A Year by the Sea was a last minute purchase decision made by my inner old person just wondering if I need some spiritual guidance at some point in my life. You have to admit: the thought of living a year at Cape Cod right by the water is pretty darned entrhalling. I love the water and winter is my favorite season, so having them together in one place means I'd freeze my ass off but the writing possibilities are amazing! The solitude of it could get to me, I suppose, but there's something attractive about having no choice and doing what Joan did: she worked in a fish market, she chopped wood, she had fishermen drop her off at islands for a whole day of sitting there or camping overnight, she did some crabbing. I can't help but think of it as fun. And she was in her fifties, married--just decided that she was going on a year-long vacation.

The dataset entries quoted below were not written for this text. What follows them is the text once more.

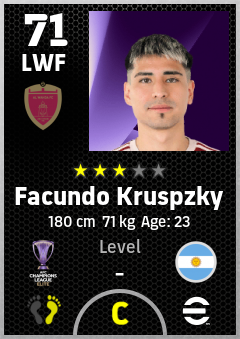 . Facundo Kruspzky is a Left Wing Forward footballer from Argentina who plays for Al Wahda Fc in eFootball 2026.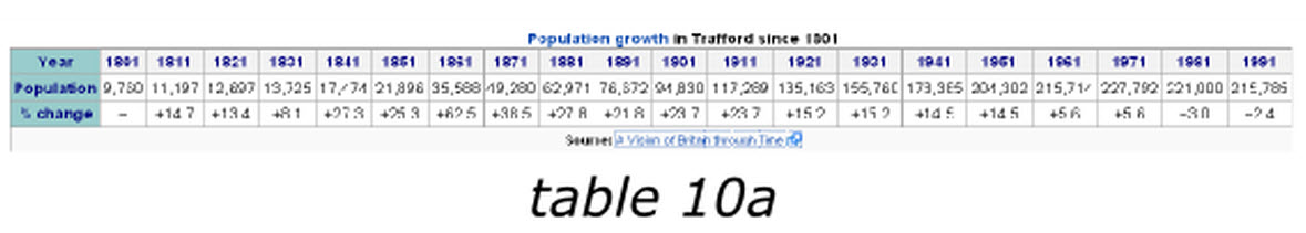 當(dāng)我們在撰寫wikipedia上的Trafford條目時(shí),有一個(gè)1801至1991年的人口變化表格10a,他包含有2行20列,讀者必須記住有關(guān)信息,并且不停的對照表頭和數(shù)值來確認(rèn)他們的關(guān)系,否則他們就無法獲得趨勢信息。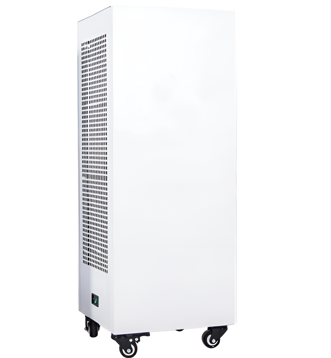 Особенности: мобильное исполнение, колёса для перемещения. Цвет корпуса: белый. Пульт дистанционного управления для включения/выключения и выбора режима работы рециркулятора.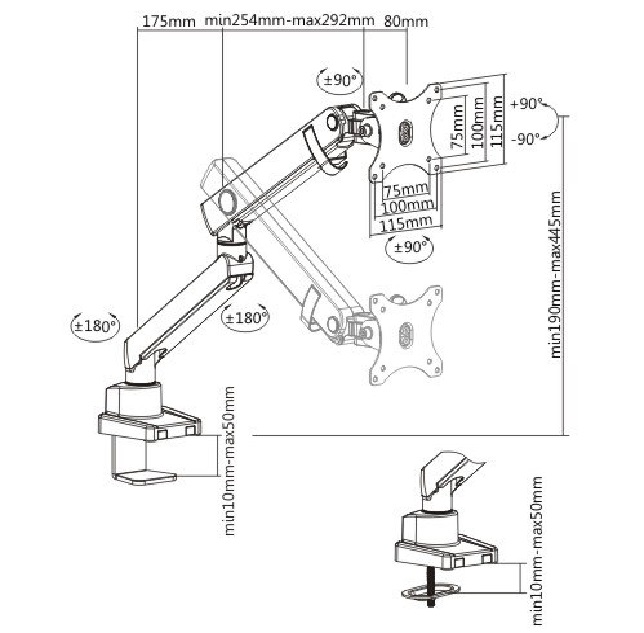 Suggested Desktop Thickness: Clamp:10~50mm Grommet:10~50mm (Clamp:0.39’~2′ Grommet:0.39’~2′)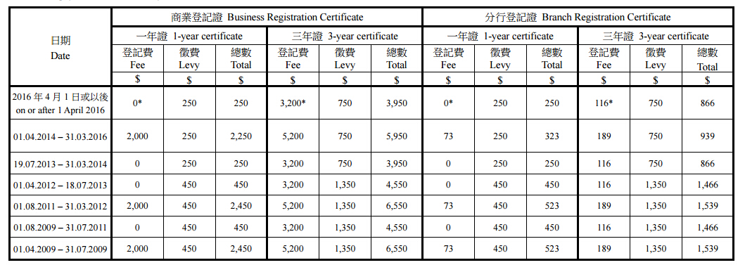 稅務局 Inland Revenue Department 商業登記費及徵費收費表 Business Registration Fee and Levy Table 收費基準商業登記證分一年有效期及三年有效期兩種,除經一站式公司註冊及商業登記服務成立的本地公司外,應繳金額以登記證的開始生效日釐訂。對於非本地公司新開業務,其首張登記證的開始生效日期是有關業務的開業日期,不是申請商業登記或分行登記日期。於一站式公司註冊及商業登記服務下成立的本地公司,其首張商業登記證的應繳金額是以其向公司註冊處提出相關的成立法團遞呈日期釐訂,而該登記證的開始生效日期是它的註冊日期。至於其後發出的續證,應繳金額則以續證的開始生效日釐訂。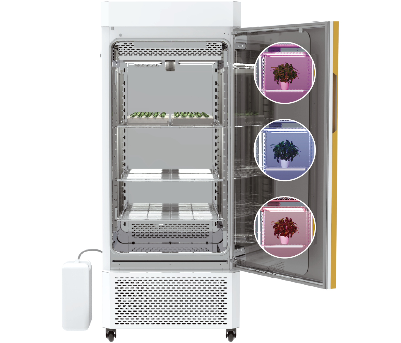 3、可調光譜照明系統:內置四色LED光源,波段包含白光400-700nm、紅光波長660nm、藍光波長450nm、紅外光波長730nm,可獨立調節每種顏色LED光源的光強,獲得不同的光譜組合(1004種),滿足植物不同階段對光的需求。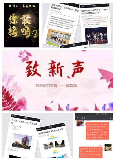 致新“声”,针对17级新生推出了个性化活动——“聆听你的声音”问题征集系列专题,通过线上平台与学生、家长进行互动。活动一经推出,便吸引了大量学生、家长参与其中,纷纷通过微信平台提出问题或表达期许。必赢国际437官方迎新团队将相关问题分类整理,一一答疑解惑,确保新生在入校前就能深入了解校园生活。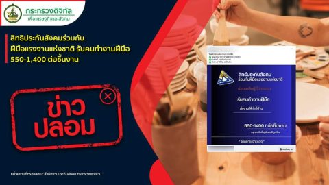 ข่าวปลอม อย่าแชร์! ❌ สิทธิประกันสังคมร่วมกับฝีมือแรงงานแห่งชาติ รับคนทำงานฝีมือ 550-1,400 ต่อชิ้นงาน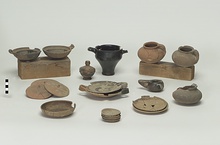 | Description: | Pyre saucer. Mended from three fragments. Missing chip in rim. Flaking slip. Uneven underside with string marks. Rounded wall, concave near base. Buff-orange clay; orange slip, fired greenish-yellow in the interior. Black stains, presumably from burning. | |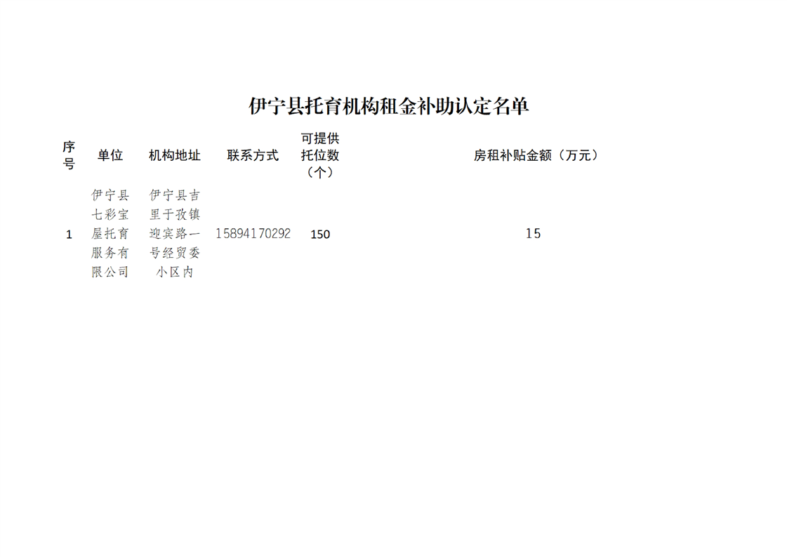 關(guān)于伊寧縣享受托育機構(gòu)租金補助托育機構(gòu)的公示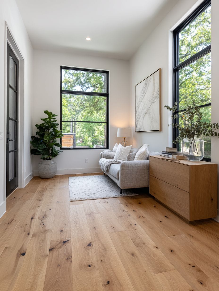 Light oak hardwood floors complement the neutral scheme while introducing natural warmth through their golden undertones and visible grain patterns. The wood flooring serves as a reminder that minimalism embraces natural materials and their inherent beauty rather than rejecting all ornamentation. The floors’ natural variations in tone and texture provide visual interest at the foundation level, allowing the walls and furniture to remain simple and unadorned. This strategic distribution of visual interest prevents the space from feeling bland while maintaining minimalist restraint.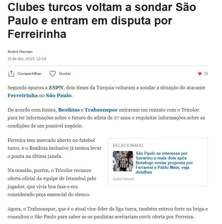 Ocak transfer dönemi öncesinde kadro planlamalarını hızlandıran Trendyol Süper Lig’in iki devi Beşiktaş ve Trabzonspor, sol kanat eklemesi konusunda aynı hedefte buluştu. ESPN Brasil’de yer alan habere göre siyah-beyazlılar ve bordo-mavililer, Sao Paulo forması giyen Ferreirinha’nın durumunu yoklamaya başladı.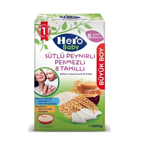 Hero Baby Sütlü 8 Tahıllı Peynirli Pekmezli Ekonomik Paket Kaşık Mama 400 Gr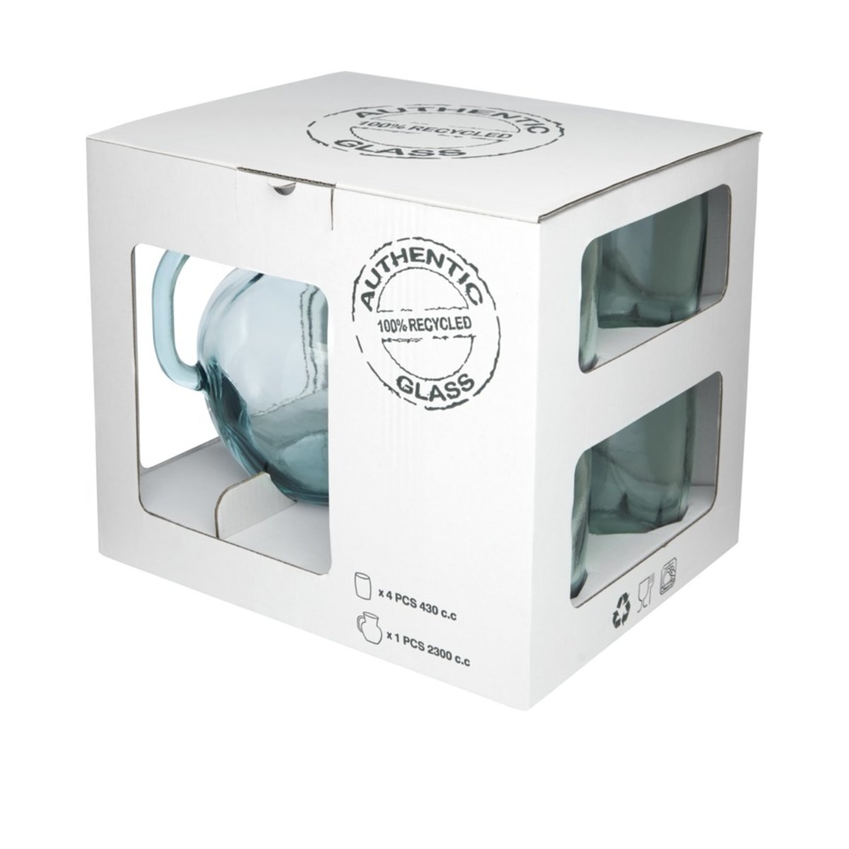 5-częściowy zestaw szkła z recyclingu Terazza to unikalne połączenie ekologii, funkcjonalności i elegancji, które zachwyci zarówno miłośników stylowych dodatków do domu, jak i firmy poszukujące nieszablonowych gadżetów reklamowych. W skład kompletu wchodzi obszerny szklany słoik 2,3 l z praktycznym uchwytem oraz cztery solidne kubki 430 ml, powstałe łącznie z aż 5 przetworzonych butelek. Dzięki wykorzystaniu surowca z recyklingu przy produkcji zużyto mniej energii i wody, co czyni zestaw przyjaznym środowisku 🌿.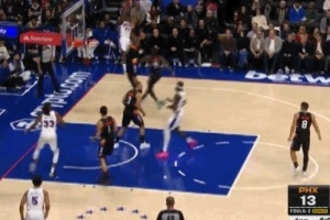 真是自信!埃奇库姆突破迎着两个人 底线高难度漂移中投命中!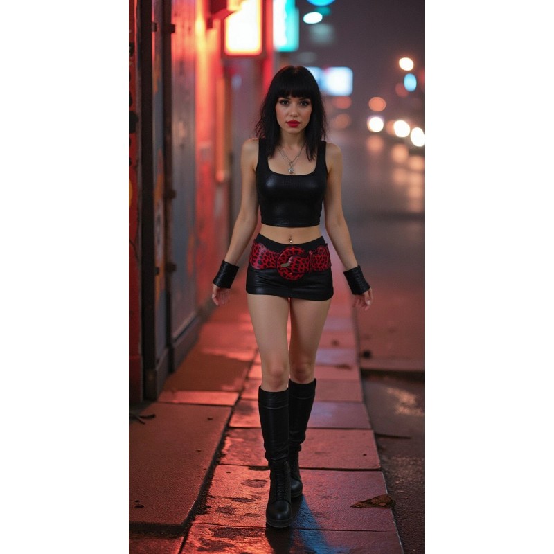 Color: Red, Gray, Black Animal Print Faux Leather + Black Elastic Fabric Waistband

Thursday, September 01, 2005

The Chimney Sweeper's Boy, Barbara Vine

This novel was recommended to me by Ellen, my voracious reader of a mother who knows a good story when she sees one. So as soon as I had finished The BK, I picked it up. The story is about a gruff older man whose only affection is for his daughters. He's a best selling author, dies suddenly of a heart attack, and the truth of them all just falls out. Ursula, the mother, the wife--nothing more. We find that her husband the author was really just an asshole who loved to steal the children's attention, pretend she didn't exist except for the necessary eggs needed to produce children. The daughters, Sarah and Hope, up and coming, forget about their mother and focus only on what their father left them with: nothing. They don't even consider going home for Christmas because if their father is dead, then there's nothing there. No reason to go home. The layers in this book are fascinating, amazing. You feel for each of them while wanting to slap them uncontrollably. Sarah has a relationship with a man who turns her on by treating her like shit in front of other people and once it's done, they rush out back and topple on each other like rhinos in heat. Meanwhile, she complete misses the misogyny with which her father treated her mother.

That part of the novel is what fascinated me the most. The gist, however, is uncovering the man who made this family. Sarah is asked by her father's editor to write a biography about the man. She finds, first, that he is not who he said he is. Different name, different history, and a lot of secrets. It was a great book.